Task description >> The answer should hold only the lines from the beginning of the listing below to the line containing "Infrastructure Investments |", both included, with every picture left out.

Data section >>
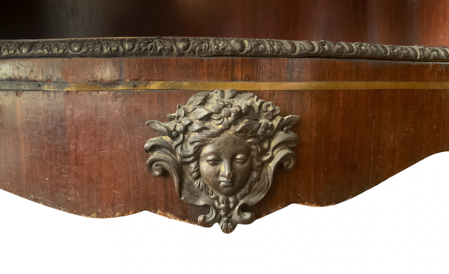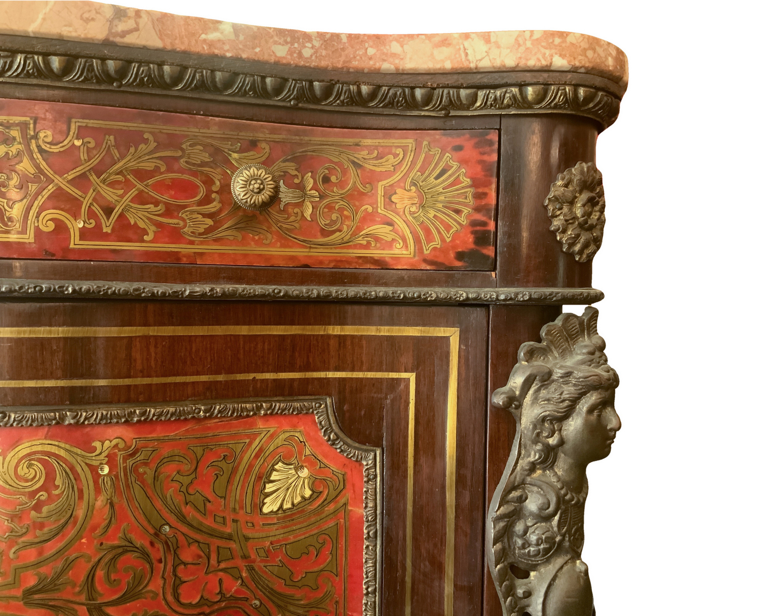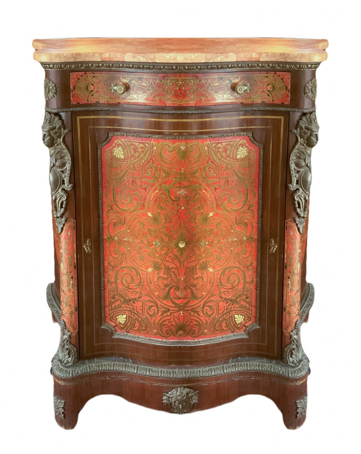 Etagere stile Boule, marmo al piano cassetto superiore e sportello inferiore, inizi XX secolo.
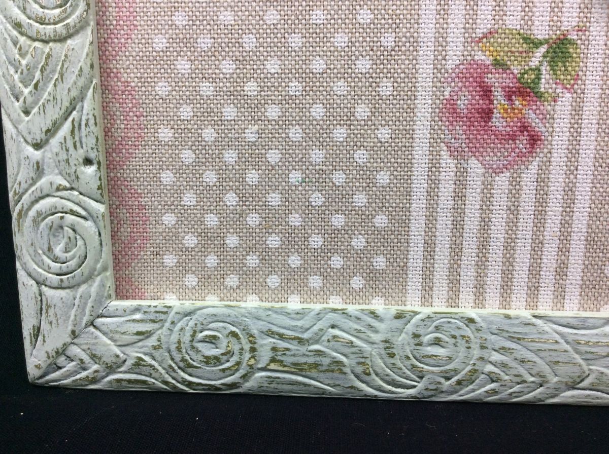 Fond en tissu : imprimé motif roses, rayures petits pois et liseret dentelle
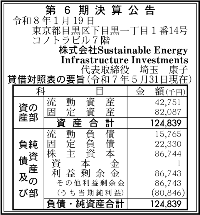 | 会社名 | 株式会社Sustainable Energy Infrastructure Investments |
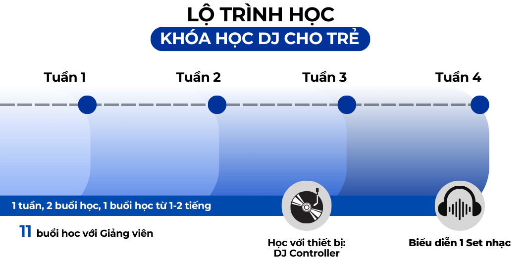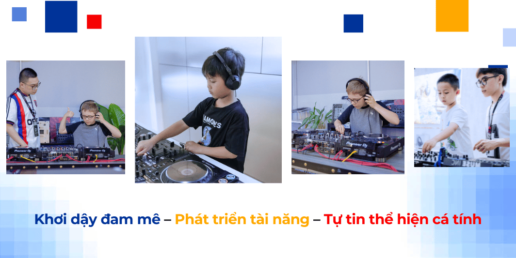Với giáo trình được xây dựng bài bản và dễ hiểu, khoá học mang đến cho trẻ từ 6 tuổi đến 14 tuổi một môi trường học tập nghệ thuật hiện đại, năng động và đầy cảm hứng. Dưới sự hướng dẫn trực tiếp từ các DJ chuyên nghiệp và có kinh nghiệm giảng dạy, các bé sẽ được làm quen với thiết bị DJ thực tế, học cách mix nhạc, cảm nhịp, và xây dựng set nhạc riêng của mình.

Result of this task >>
 Etagere stile Boule, marmo al piano cassetto superiore e sportello inferiore, inizi XX secolo.
 Fond en tissu : imprimé motif roses, rayures petits pois et liseret dentelle
 | 会社名 | 株式会社Sustainable Energy Infrastructure Investments |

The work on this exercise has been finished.